A small firm intends to increase the capacity of a bottleneck operation by addin
ID: 398951 • Letter: A
Question
A small firm intends to increase the capacity of a bottleneck operation by adding a new machine. Two alternatives, A and B, have been identified, and the associated costs and revenues have been estimated. Annual fixed costs would be $36,000 for A and $31,000 for B; variable costs per unit would be $7 for A and $11 for B; and revenue per unit would be $17.

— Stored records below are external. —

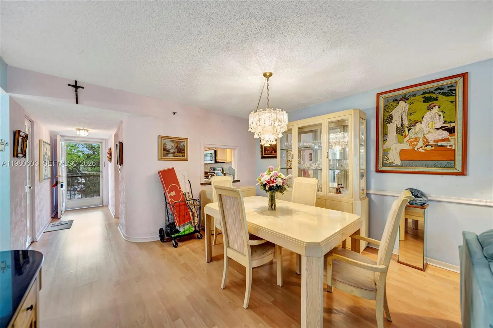Light and bright 2-bedroom, 2-bath condo in a secure gated community. The spacious living area flows seamlessly onto a private screened balcony—ideal for morning coffee or evening relaxation. The updated kitchen is equipped with stainless steel appliances, and the unit features laminate flooring throughout plus a convenient in-unit washer and dryer. Primary bedroom is extra spacious and opens up to the screened in patio via sliding glass door. Enjoy resort-style living with amenities that include a heated pool, fitness center, tennis and pickleball courts, BBQ area, library, billiards room, and 24-hour security. Close to major roadways, shopping, dining, and houses of worship. Easy to show!
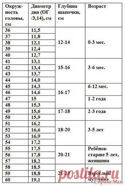 Таблица определения размеров шапочек: фотография в альбоме Схемы и приемы вязания - Страна Мам
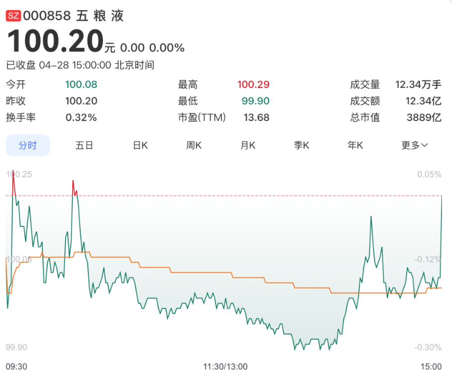 截至目前,五粮液股价报100.2元/股,最新市值3889亿元。
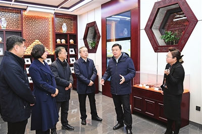 千年钟楼街古韵新潮、人气旺盛,先后被评为国家级旅游休闲街区、国家级夜间文化和旅游消费集聚区。在中华老字号“乾和祥”茶庄,韦韬详细了解茶庄历史文化、技艺传承、改革创新等情况,仔细察看陈列展品和在售产品,感受源远流长的茶文化。他说,“乾和祥”茉莉花茶传承百年而历久弥新,要坚持守正创新,统筹做好茶文化、茶产业、茶科技这篇大文章,加大市场推广,让“乾和祥”缕缕茶香飘向全国。随后,韦韬听取市供销社工作情况汇报,对供销社整合资源力量推动“乾和祥”等社有企业创新发展给予肯定,要求深入学习贯彻习近平总书记在中华全国供销合作总社成立70周年之际作出的重要指示精神,扎根农业农村、聚焦主责主业,深化综合改革、强化机制创新,扎实做好农资供应、农产品流通、农业社会化服务、再生资源回收利用等重点工作,打造用好“太原好货”等综合服务平台,建强供销服务体系,不断提升为农服务能力水平,为推进城乡融合发展、乡村全面振兴作出新的贡献。
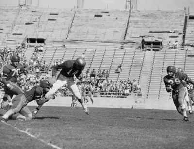 Texas Tech's Eural Ramsey clamps a tackle on Larry Isbell's knee to bring the Baylor back to earth after he gained 13 yards in the game at Waco. Number 70 is Texas Tech's Jack Cockburn. Published in Fort Worth Star-Telegram morning edition October 22, 1950.
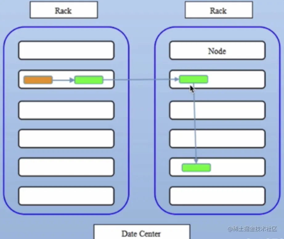- 第二个副本放在和第一个副本不同且随机选择的机架

a. Determine each alternative’s break-even point in units. (Round your answer to the nearest whole amount.)
QBEP,A 3600 units
QBEP,B 5167 units
b. At what volume of output would the two alternatives yield the same profit? (Round your answer to the nearest whole amount.)
Profit 53000 units
c. If expected annual demand is 14,000 units, which alternative would yield the higher profit?
Higher profit is A
**The answers are in bold, please correct the answer for answer b please**
Explanation / Answer
a) Given, For A
Annual Fixed Cost :$36000
Variable Cost per unit : $7
Revenue : $17
For B
Annual Fixed Cost : $31000
VC per unit : $11
Revenue : $17
Thus , BEP = Total Fixed Cost / Revenue - Variable Cost per unit
For A, 36000 / 17 - 7
36000 / 10= 3600 units
For B, 31000 /17 -11
= 31000 / 6
= 5167 units
b) Profit = TR - TC
Let the number of units be x
x * 17 - (36000 + x * 7) = x * 17 - (31000 + x*11)
17x - 36000 - 7x = 17x - 31000 - 11x
-7x +11x = -31000 + 36000
4x = 5000
x= 1250 units
The two alternatives yield the same profit at an output of 1250 units.